His own self became the Sin-bearer, and no other. He
bare our sins. Isaiah
53 had said He should bear our griefs and carry our sorrows, but it
also predicted that He should be "wounded for our transgressions" and
"bruised for our iniquities," and be striker for "the transgression of
My people," and His soul be made "an offering for sin." These sins were
ours, for the verse definitely speaks of the work of Christ,
not in its Godward aspect as propitiating Him, but in its believer-ward
aspect as bearing his sins-
his sins, and not the sins of everybody.
Moreover, He bore our sins
in His own body. He was
definitely our Substitute. We had sinned in our bodies, and having
become a true Man, apart from sin, He bore our sins in His holy body as
a sacrifice for sin. This He accomplished
on the tree, for it
was exclusively in His death that atonement was effected. He did not
bear our sins during His life, but in His death, and we are healed by
His stripes as Isaiah 53 had also declared.

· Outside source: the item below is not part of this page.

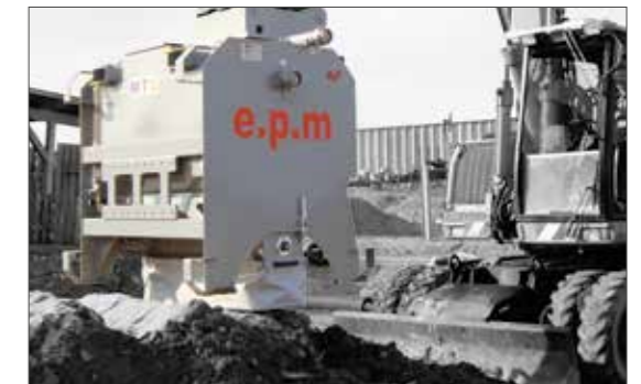
Bindemittel dosiert austreuen

But then He bore our sins and delivered us from the stripes that our
sins deserted, not in order that we should go on in our sins, but
rather that we should henceforward be dead to the old life of worldly
corruption and the sins which it entailed, and now live unto practical
righteousness. Our sins have been atoned for and dismissed as to their
judicial sentence, in order that we should be delivered from the
practice of them and from their power.
This verse may be helpfully compared with the truth set forth in Romans 6. There
sin is in question-sin as a tyrant and a master-here
sins. There
we are to reckon ourselves dead to sin and alive to God. Here we are to
be dead to sins and live unto righteousness. In both cases the cross of
Christ is that from which all flows, but Romans 6 is the believer
taking up the reckoning of faith in his experience. Here it is the
practical result which follows. The consistent believer becomes as a
dead man to all the sins that formerly pleased him, and he lives now
for the will of God which is practical righteousness. And this because
of the fact that the One who died for him as the Lamb of sacrifice now
lives as the Shepherd and Bishop of his soul. We were indeed "as sheep
going astray"-a last reference to Isaiah 53-but now we have a living
Shepherd to lead us in the paths of righteousness for His Name's sake.